В полутемном кафе было дымно из-за горевшего в камине резко пахнущего бурого угля (температура на улице приближалась к нулю), однако довольно уютно и удобно, особенно если заранее запастись противогазом. Народу было немного. У стены сидели Мануэло и Кан Дан, причем первый пил кофе, а возле второго стояли две литровые кружки с пивом. Свое ставшее легендой пристрастие к пиву Кан Дан объяснял тем, что этот напиток необходим ему для поддержания силы. Так или иначе, количество выпитого никогда не влияло на его выступления.

Бруно поздоровался с друзьями и попросил извинения за то, что не может к ним присоединиться. Кан Дан ухмыльнулся и ответил, что они ничего не имеют против. Бруно провел Марию к столику в углу. Через несколько секунд в кафе не спеша вошел Робак, приветственно махнул рукой и присоединился к Мануэло и Кану Дану. Трое друзей перебросились несколькими словами и стали сначала неторопливо, а затем все более энергично исследовать содержимое своих карманов. С того места, где сидел Бруно, могло показаться, что их разговор превратился в обмен колкостями и взаимными упреками. В конце концов Робак нахмурился, сделал решительный жест, словно отвергая что-то, и направился к столику, за которым сидели Бруно и Мария.

— Подайте милостыньку бедному Робаку, — уныло произнес он. — Ни один из нас не удосужился проверить, есть ли у других деньги. Как оказалось, у нас с собой ни цента. То есть тысяча центов у нас есть, но мы сомневаемся, что здесь принимают доллары, а Кан Дан отказывается мыть посуду в уплату за ужин. Если бы это мои друзья попали в беду…

Бруно улыбнулся, достал кошелек и протянул Робаку несколько банкнот. Приятель поблагодарил и ушел. Бруно с Марией заказали по омлету.

Алекс, дрожавший от холода на тротуаре, дождался, пока молодым людям подадут еду, перешел через улицу и вошел в телефонную будку.
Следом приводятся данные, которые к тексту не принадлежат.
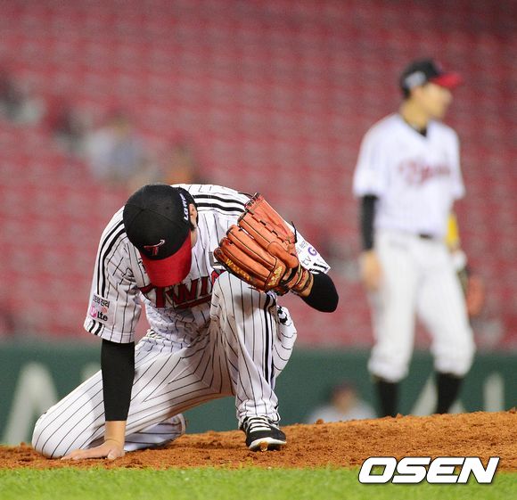 11일 오후 서울 잠실야구장에서 열린 2013 한국야쿠르트 세븐프로야구 LG 트윈스와 NC 다이노스의 경기, 4회초 1사에서 LG 우규민이 NC 모창민에 중전 안타를 허용하고 아쉬워하고 있다.

Кинув в щель монетку, он набрал номер и сказал:

— Алекс.

— Да?

— Я проследил за мужчиной и девушкой до «Черного лебедя». Они только что начали есть, так что еще некоторое время пробудут в кафе. Прежде чем пройти к своему столику, они поговорили с двумя мужчинами за другим столом.

— Вы уверены, что следите за нужными людьми?

— Полковник, у меня же есть фотографии. Как только они уселись, вошел еще один мужчина. Некоторое время он сидел с первыми двумя, потом подошел к этому Бруно. Похоже, занял денег. Во всяком случае, я видел, как банкноты сменили хозяина.

— Вы знаете хоть одного из этой троицы? — спросил Сергиус.

— Нет, сэр. Но одного из них я бы узнал и двадцать лет спустя. Настоящий великан, я таких здоровущих никогда не видел. Он даже больше, чем Ангело.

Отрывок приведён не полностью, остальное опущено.